First, it’s important to remember that TensorFlow is based on a graph model. Even though eager execution now allows evaluation of operations immediately, without building graphs, the graph influence is pervasive. I find it particularly true when creating Keras models. Think of the layers as nodes in the graph, and the data flow between layers as the graph edges. Hopefully this makes more sense below.
Let’s start with the Sequential model. According to the documentation, a Sequential model is appropriate for a plain stack of layers where each layer has exactly one input tensor and one output tensor. Here’s how you set up a Sequential model:
import tensorflow as tf
from tensorflow import keras
from tensorflow.keras import layers
#define a model architecture using Sequential
sequential_model_def = keras.Sequential(
[
layers.Dense(64, activation="relu", name="dense_1_sequential_def"),
layers.Dense(64, activation="relu", name="dense_2_sequential_def"),
layers.Dense(10, name="predictions_sequential_def"),
]
)
A simple model with 3 fully connected layers. Let’s see what it looks like as a graph:
keras.utils.plot_model(sequential_model_def, "visualize_sequential_model_no_input_yet.png", show_shapes=True)
Hmm, not very interesting. What’s going on? Turns out that the Sequential model constructor does a lot of work for you under the covers. One of which is to dynamically build the weights matrices. But weight matrix shapes depend on the shape of the input, which we haven’t provided yet. As a result, the model isn’t considered ‘built’ until you provide it with the input shape.

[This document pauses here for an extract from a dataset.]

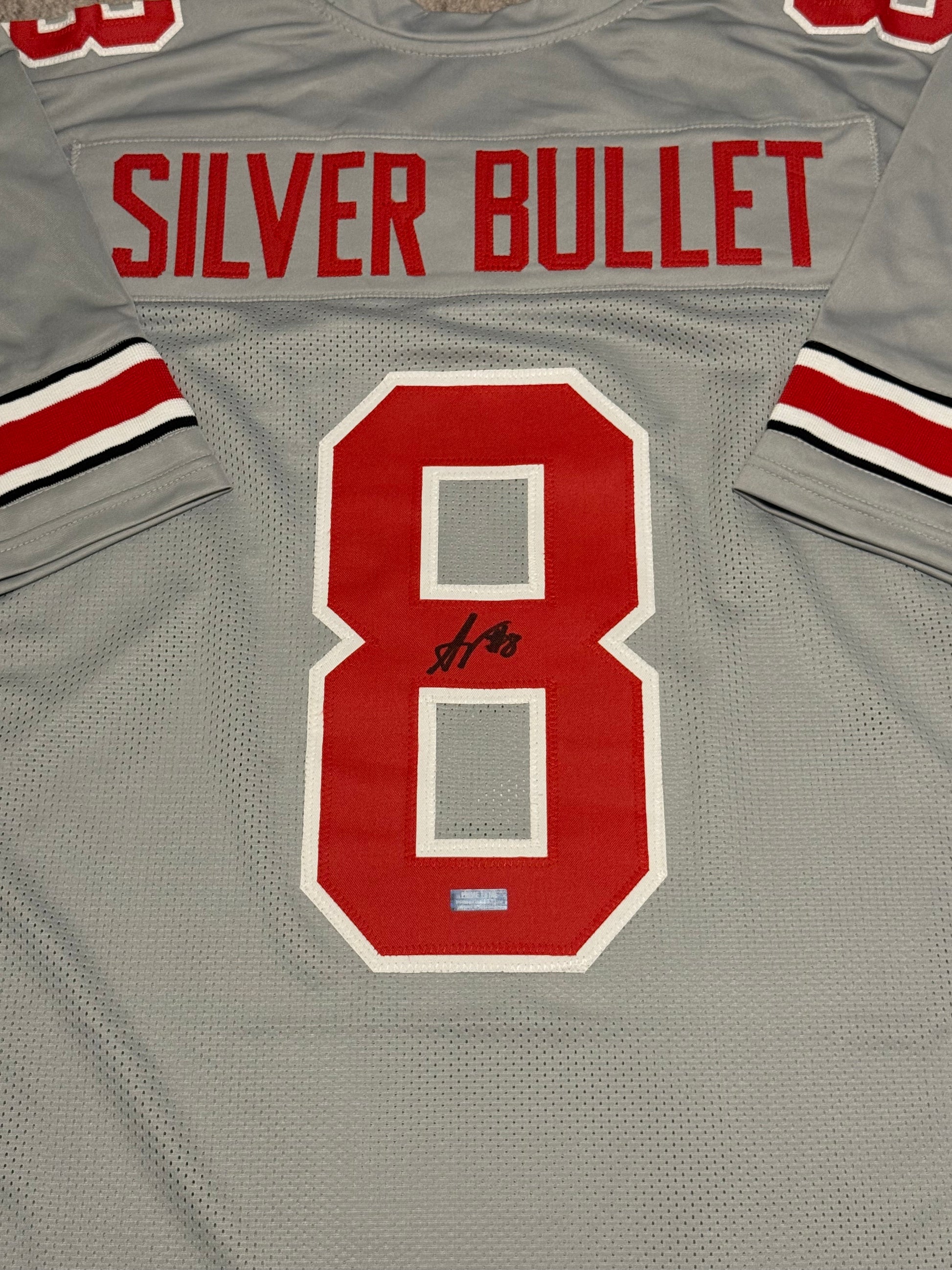 This Ohio State Buckeyes Custom Jersey was signed by Arvell Reese with a huge bold signature at our autograph signing event that was held at Great Northern Mall on 12/13/2025. It was witnessed by Prime Time and includes a tamper proof hologram that can be looked up on their website to verify authenticity of the autograph.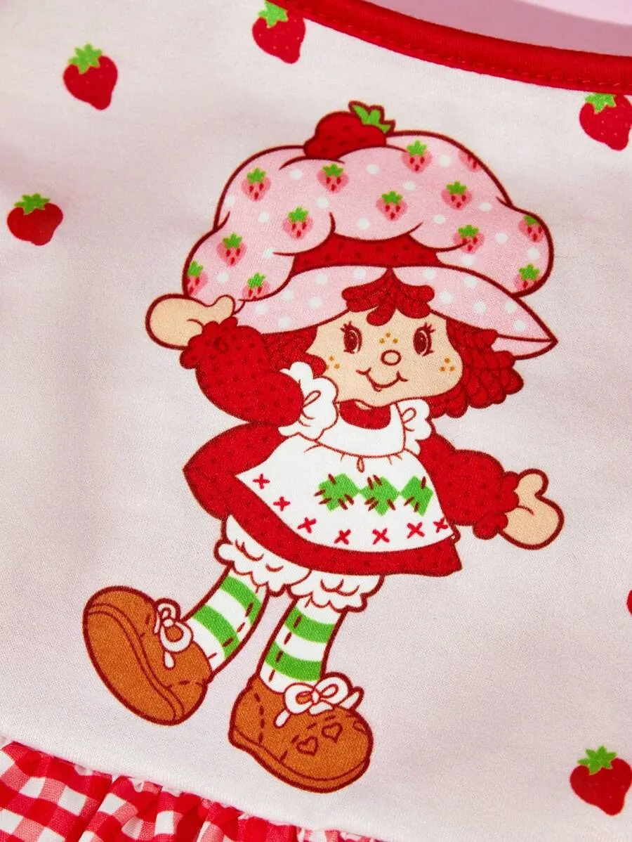 • Design: Strawberry print with plaid skirt

#define an input layer that can be used for all examples
input_layer = keras.Input(shape=(784,), name="input_layer")
#inform the model about its inputs
sequential_model_def(input_layer)
#now try visualizing again
keras.utils.plot_model(sequential_model_def, "visualize_sequential_model.png", show_shapes=True)
Take a moment to confirm that the input and output shapes of the layers match the definition in the code above. Also notice that the directed graph was built to match the order of the comma delimited list of layers. This is where the square brackets come in to play. You are passing the model constructor a Python list that is defined on the fly using square brackets, separating items with commas: [a, b, c]. The dependencies (data flow/graph edges) between the model layers (graph nodes) are automatically inferred from the order in which they appeared in that list.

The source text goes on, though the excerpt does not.